> Task brief
Since the copy must hold text only, transcribe the data below exactly and omit the images.

> Dataset section
------------------------------------------------------------------------

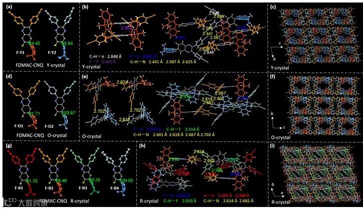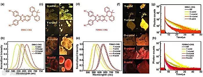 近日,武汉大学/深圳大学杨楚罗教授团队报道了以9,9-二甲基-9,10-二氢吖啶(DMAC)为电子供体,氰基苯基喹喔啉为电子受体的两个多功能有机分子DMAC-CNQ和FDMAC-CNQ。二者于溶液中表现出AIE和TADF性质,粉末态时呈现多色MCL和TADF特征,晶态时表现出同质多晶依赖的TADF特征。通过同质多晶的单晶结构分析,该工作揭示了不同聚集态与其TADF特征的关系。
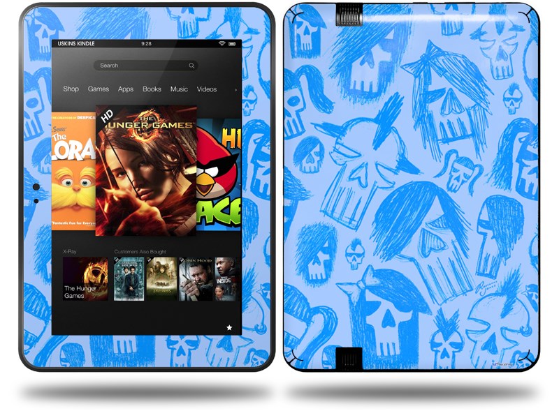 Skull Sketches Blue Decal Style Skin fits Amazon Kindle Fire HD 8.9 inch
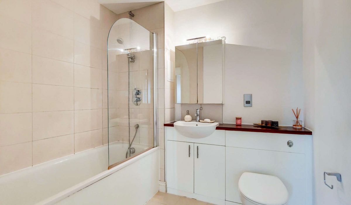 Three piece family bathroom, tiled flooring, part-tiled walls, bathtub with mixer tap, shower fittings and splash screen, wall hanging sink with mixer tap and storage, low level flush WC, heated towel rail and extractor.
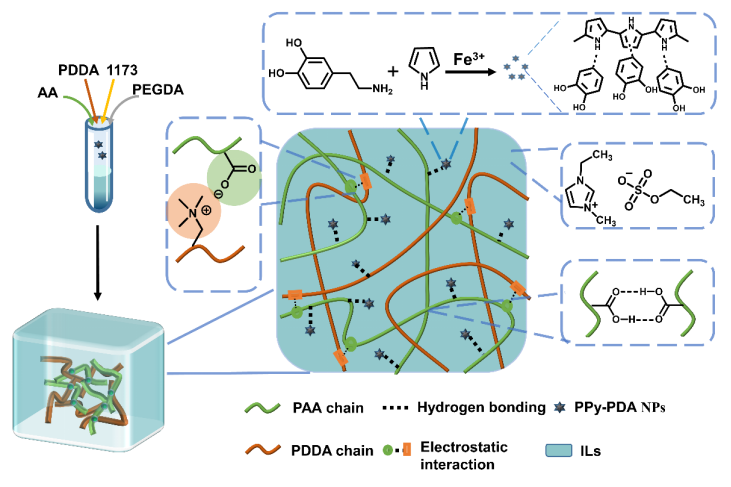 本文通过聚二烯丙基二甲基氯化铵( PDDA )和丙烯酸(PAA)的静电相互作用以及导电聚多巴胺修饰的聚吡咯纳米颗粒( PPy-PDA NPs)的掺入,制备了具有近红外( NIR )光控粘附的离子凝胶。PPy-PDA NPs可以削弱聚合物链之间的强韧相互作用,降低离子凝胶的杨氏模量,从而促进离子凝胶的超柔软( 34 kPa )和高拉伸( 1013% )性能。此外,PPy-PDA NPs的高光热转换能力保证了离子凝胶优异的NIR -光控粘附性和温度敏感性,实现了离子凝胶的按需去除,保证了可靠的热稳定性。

------------------------------------------------------------------------

> Solution for this task
 近日,武汉大学/深圳大学杨楚罗教授团队报道了以9,9-二甲基-9,10-二氢吖啶(DMAC)为电子供体,氰基苯基喹喔啉为电子受体的两个多功能有机分子DMAC-CNQ和FDMAC-CNQ。二者于溶液中表现出AIE和TADF性质,粉末态时呈现多色MCL和TADF特征,晶态时表现出同质多晶依赖的TADF特征。通过同质多晶的单晶结构分析,该工作揭示了不同聚集态与其TADF特征的关系。
 Skull Sketches Blue Decal Style Skin fits Amazon Kindle Fire HD 8.9 inch
 Three piece family bathroom, tiled flooring, part-tiled walls, bathtub with mixer tap, shower fittings and splash screen, wall hanging sink with mixer tap and storage, low level flush WC, heated towel rail and extractor.
 本文通过聚二烯丙基二甲基氯化铵( PDDA )和丙烯酸(PAA)的静电相互作用以及导电聚多巴胺修饰的聚吡咯纳米颗粒( PPy-PDA NPs)的掺入,制备了具有近红外( NIR )光控粘附的离子凝胶。PPy-PDA NPs可以削弱聚合物链之间的强韧相互作用,降低离子凝胶的杨氏模量,从而促进离子凝胶的超柔软( 34 kPa )和高拉伸( 1013% )性能。此外,PPy-PDA NPs的高光热转换能力保证了离子凝胶优异的NIR -光控粘附性和温度敏感性,实现了离子凝胶的按需去除,保证了可靠的热稳定性。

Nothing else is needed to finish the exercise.